Was Farage nun plant

Normalerweise ist es für eine rechtspopulistische Partei nicht sonderlich schwierig, sich vom Mainstream abzugrenzen. Seit jedoch Theresa May an der Spitze der Konservativen steht, ist die Luft dünn geworden für die Ukip. May lässt keinen Zweifel daran, dass es tatsächlich zum Brexit kommen wird, und was Einwanderungskontrolle angeht, ist sie noch schärfer als die meisten Ukip-Mitglieder.

Sie befürwortet Fracking, und dass sie jetzt die Wiedereinführung von Grammar Schools in Aussicht gestellt hat, die sich ihre Schüler mittels Leistungstests aussuchen dürfen, könnte direkt aus dem Wahlprogramm der Ukip übernommen sein.

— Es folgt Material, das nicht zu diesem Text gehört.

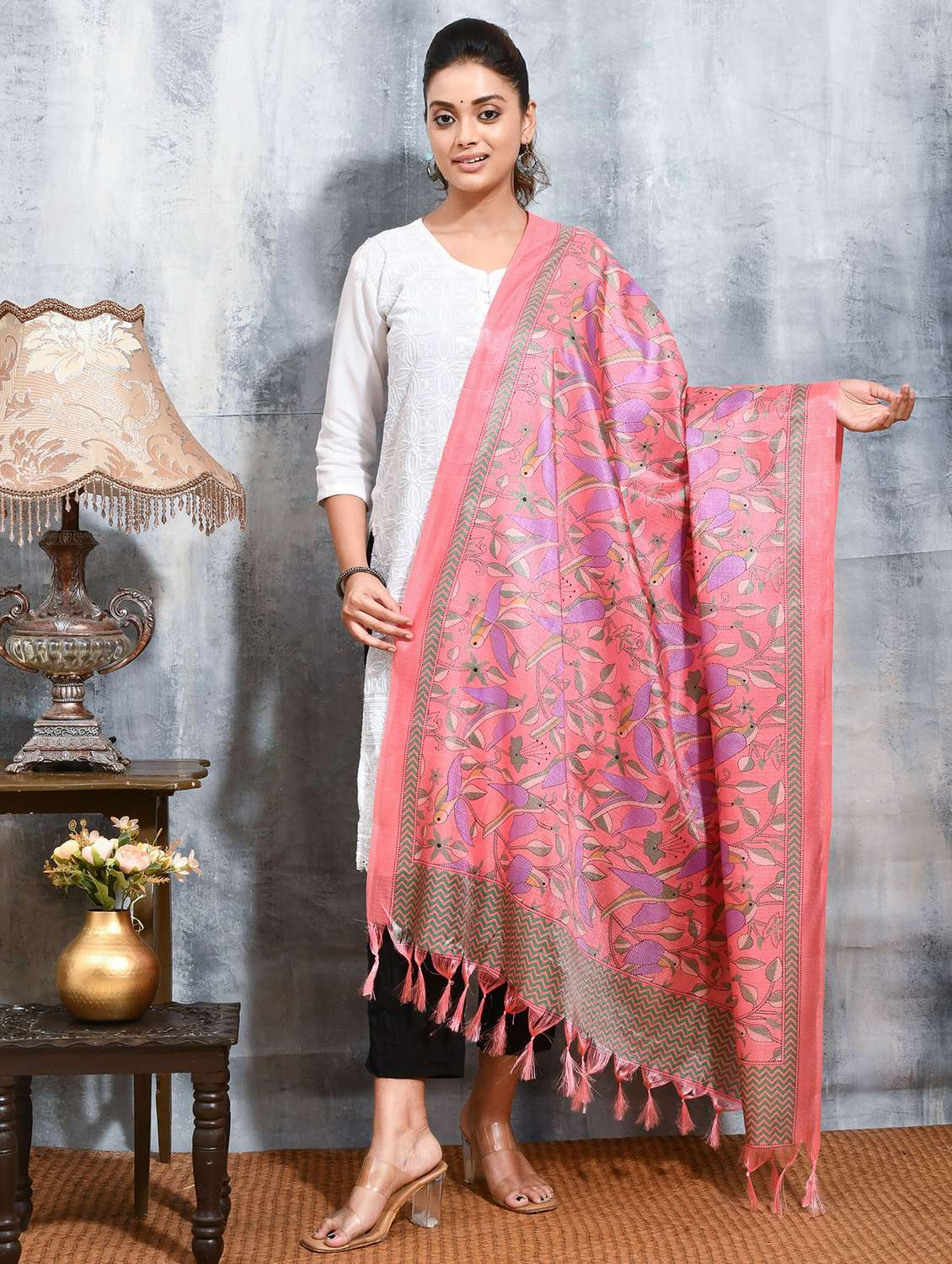 women kantha printed dupatta

Das Problem der neuen Vorsitzenden Diane James ist: Rechts von den Tories ist kaum noch Platz.

Wie Farage sagte sie, die Aufgabe der Partei bestehe nun darin zu überwachen, dass es beim Brexit keine faulen Kompromisse gebe. Allerdings haben die Europaskeptiker unter den Konservativen keinen Zweifel daran gelassen, dass sie diese Aufgabe höchstselbst übernehmen werden. Diesbezüglich hat Theresa May kaum Raum zum Manövrieren.

Sollte bei manchen Politikern in Brüssel die Hoffnung bestanden haben, künftig weniger von Nigel Farage zu sehen, so war diese vergebens: Er behält seinen Sitz im Europaparlament. Zudem hat er angekündigt, über den Kontinent zu reisen, um sein Wissen zu teilen: Er will Parteien in anderen Ländern dabei beraten, wie man aus der EU austritt.